Transmedia storytelling (Wikipedia)

Transmedia storytelling is a technique of telling stories across multiple platforms and formats, recognized for its use by mass media to develop media franchises.[1] The Labyrinth Project’s Marsha Kinder calls these franchises “commercial transmedia supersystems” in her 1991 book Playing with Power in Movies, Television, and Video Games: From Muppet Babies to Teenage Mutant Ninja Turtles. She goes on to say “transmedia intertextuality works to position consumers as powerful players while disavowing commercial manipulation.”[2]

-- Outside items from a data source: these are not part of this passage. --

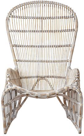 Flott lenestol i hvit rotting. Høy ryggstøtte for god komfort. Kombiner gjerne med en sittepute.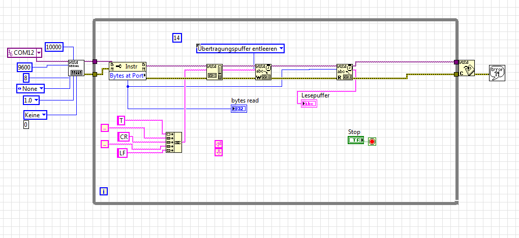Ich hatte das Problem, dass ich einen Timeout error erhalte, meines Erachtens weil Labview auf Ergebnisse wartet (in diesem Fall 14Bit) aber diese nicht erhält, da die Waage ihrerseits keinen Befehl dazu hat.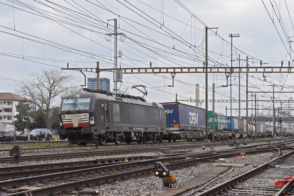 Siemens Vectron 193 660-8 durchfährt am 06.02.2024 den Bahnhof Pratteln.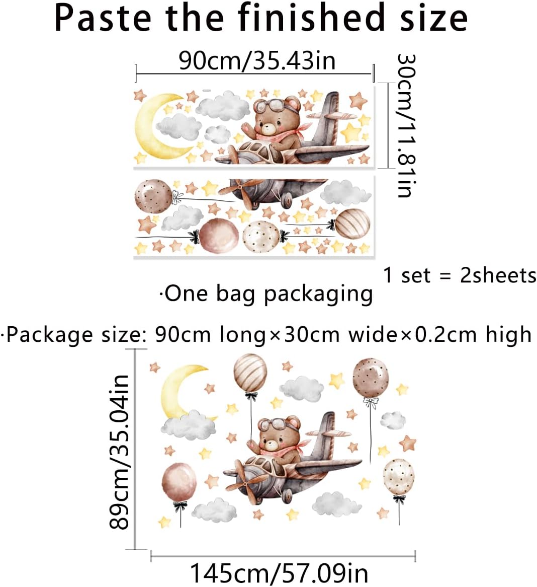 - Elements include balloons, bears flying airplanes, stars, moons and clouds. Warm and sweet wall art for a good dream every day.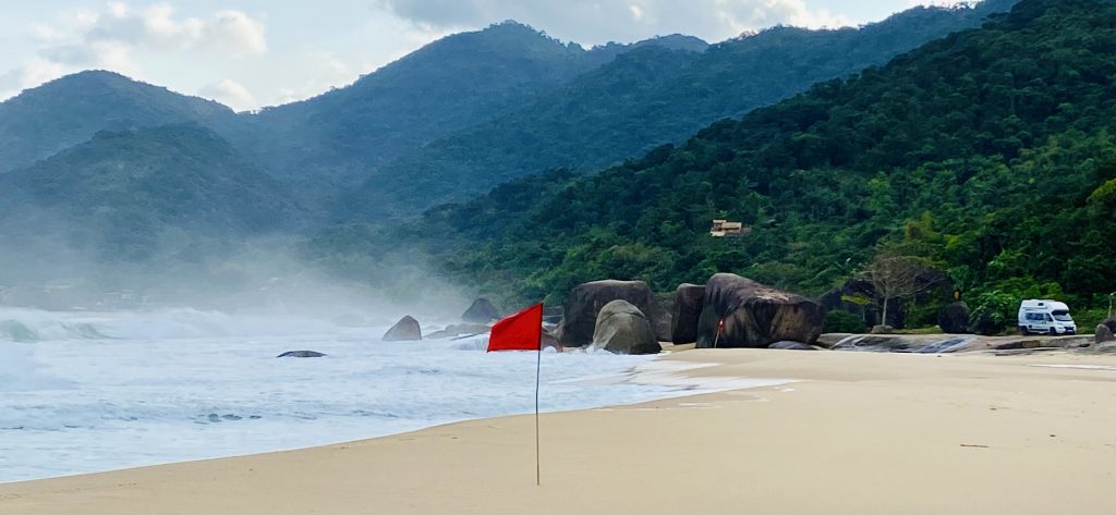 Unseren ersten Zwischenstop erreichten wir nach 150 Kilometern, den Küstenort Mangaratiba, von wo aus die Fähren zur Ilha Grande abfahren. Nachdem wir den Sonntag dort am Strand verbracht und abends den brasilianischen Barden in den Kneipen am Strand beim Trällern zugehört haben, wollten wir am späteren Abend dann auch zu Bett, weil die Fähre am kommenden Morgen bereits früh losfuhr. Wir ignorierten bei dieser Idee jedoch, daß wir an einem Wochenende direkt am Strand und der Ausgehmeile der Locals standen. Konsequenz? Kurzer Schlaf! Brasilianer sind nämlich ausgesprochen ausdauernde Karaoke-Sänger und zudem Meister des Beschallens kompletter Ortschaften mit Monsterbässen. Gut – wir hätten auch wegfahren können … das wäre dann aber doch zu einfach gewesen 😜.
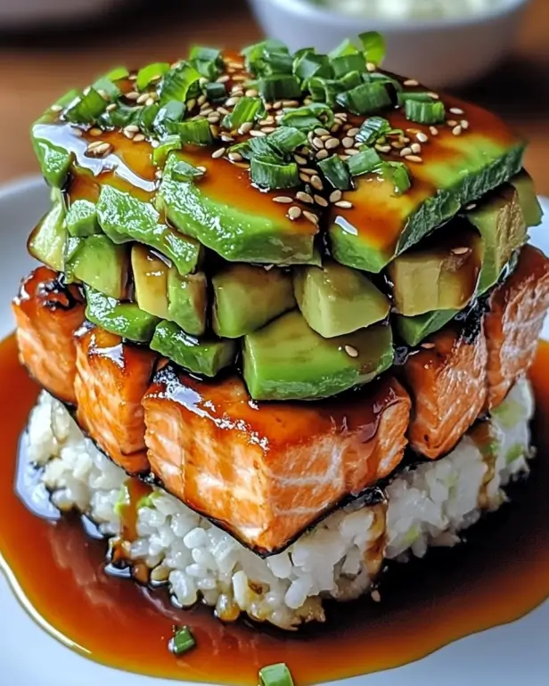 Teriyaki Salmon Avocado Rice Stack is a must-try dish!

In 2003, then MIT media studies professor, Henry Jenkins used the term in his MIT Technology Review article, “Transmedia Storytelling,” where he reflected Kinder’s assumption, via analysis of mass-market entertainment, that the coordinated use of storytelling across platforms can make the characters more compelling.[3] Under the mentorship of Kinder, Stephen Dinehart, used transmedia storytelling as a development methodology, conceptualizing transmedial play and viewer/user/player (VUP). In the paper “Transmedial Play” he relates transmedia storytelling to Richard Wagner’s concept of Gesamtkunstwerk (“the total artwork”).[4] Dinehart goes on to suggest that unlike crossmedia projects of the past, in which IP crosses the media divide for purely product line diversification (merchandising), “true” transmedia is designed in preproduction with the intent of immersion rather than simply rehashing IP in post for maximum ROI.[5]